First, capital treatment. If the Basel Committee revises its position on permissionless chains in response to this kind of infrastructure-level compliance demonstration, the risk-weighting and capital disclosures for clients holding tokenized securities could change materially. Audit files and internal models built on current Basel guidance may need updating.
Second, AML and sanctions documentation. Infrastructure-level controls that determine which validators process a bank's transactions could eventually produce a new category of compliance evidence. Auditors and compliance teams should watch whether regulators begin to recognise block-production-layer controls in their AML frameworks.
Third, MEV as a financial crime risk. The explicit framing of MEV and front-running as illegal market manipulation in most jurisdictions is significant. If your clients are transacting on permissionless chains and cannot demonstrate that their transactions were not subject to MEV extraction, that is a potential audit and regulatory exposure. Infrastructure-level controls are one proposed answer, but they are not yet standard.
Where This Sits in the Broader Institutional Blockchain Landscape
The Ethereum ecosystem has seen significant investment in permissioned and private variants, partly because compliance on the public mainnet has seemed intractable at the infrastructure level.

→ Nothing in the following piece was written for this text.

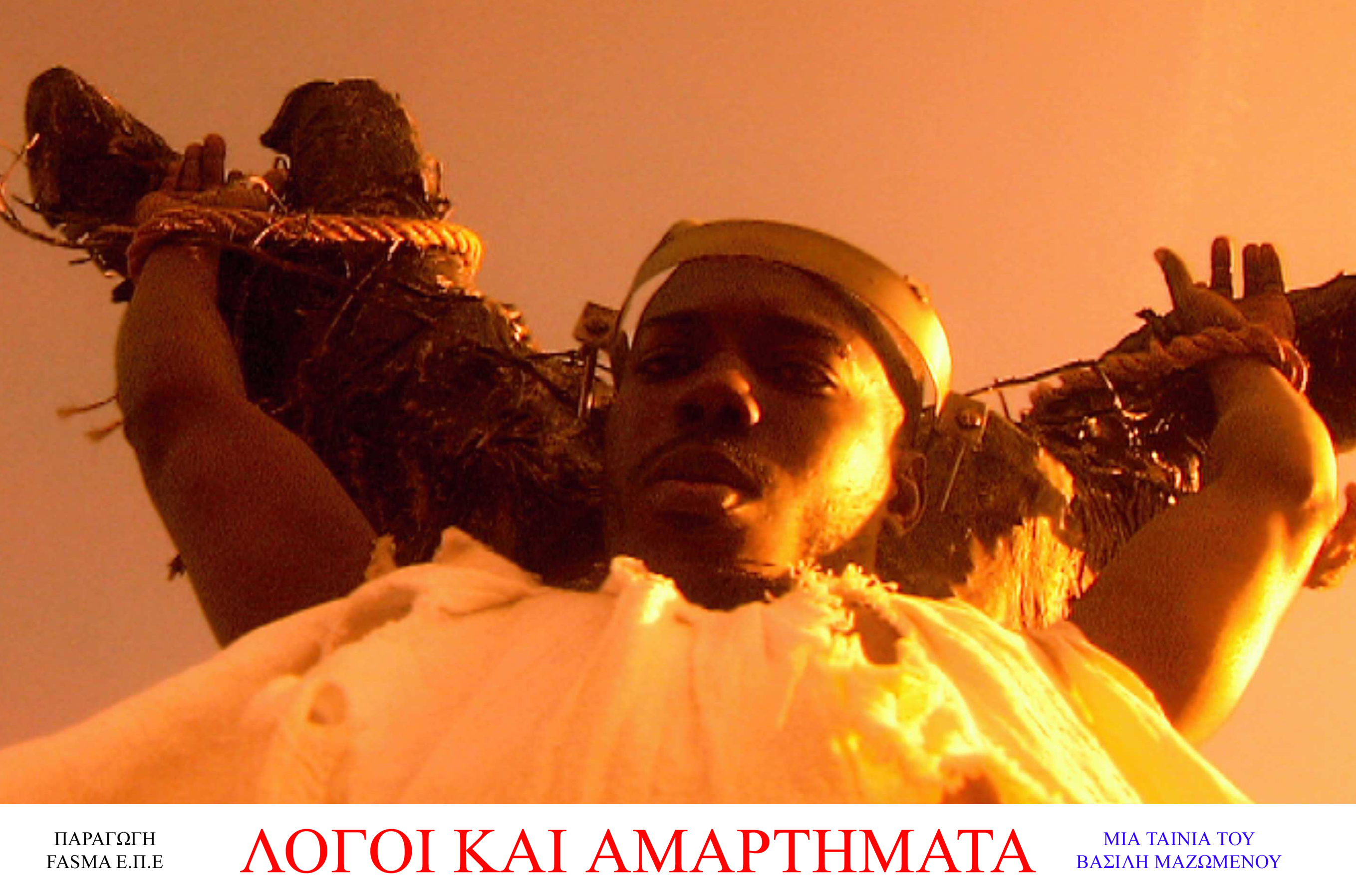 Scene from the film "words and sins" , by Vassilis Mazomenos.

This UBS and Nethermind work, alongside the Deutsche Bank whitepaper, suggests a different path: keep the permissionless network but add a compliance layer that regulators and auditors can actually inspect and rely on.
That approach has real advantages. Permissionless networks carry deeper liquidity and broader interoperability than any private chain. If compliance can be credibly demonstrated at the block-production level, the case for institutional activity on public Ethereum becomes substantially stronger.
The proofs of concept are on a test network. Production deployment, regulatory recognition, and Basel guidance revisions all remain ahead. But the directional signal from two of the world's largest banks is clear: infrastructure-level compliance is now a live area of institutional R&D, not a theoretical exercise.
For accounting and audit professionals, the right response is to understand the architecture well enough to assess its compliance claims when clients begin to reference it, and to monitor Basel Committee commentary for any shift in how permissionless chains are treated for capital purposes.
Source: Ledger Insights
FAQ
It means embedding compliance controls into the block production process itself, the layer where validators decide which transactions get included in a block, rather than relying purely on smart contract rules that operate after a transaction has been submitted.
Under current Basel guidance, tokenized securities on permissionless blockchains attract the same punitive capital requirements as cryptocurrencies. That makes holding or facilitating trades in tokenized bonds or equities on Ethereum very expensive from a capital perspective, regardless of the underlying asset quality.
Maximal extractable value (MEV) refers to the ability of block producers to reorder, insert, or censor transactions to extract profit. Regulators in most jurisdictions treat that kind of transaction reordering as illegal market manipulation. Standard smart contracts cannot prevent it, which is one reason banks are exploring infrastructure-level controls.
Nethermind published a joint whitepaper with Deutsche Bank in May 2025 covering the same architectural approach: embedding compliance into Ethereum's block production pipeline. The UBS proofs of concept follow that same framework, suggesting a coordinated industry push toward a common technical standard.
Auditors should document how clients' current tokenized-asset positions are classified under existing Basel capital rules, assess whether any MEV exposure exists for clients transacting on permissionless chains, and track Basel Committee commentary for guidance changes that could affect capital disclosures and risk weightings.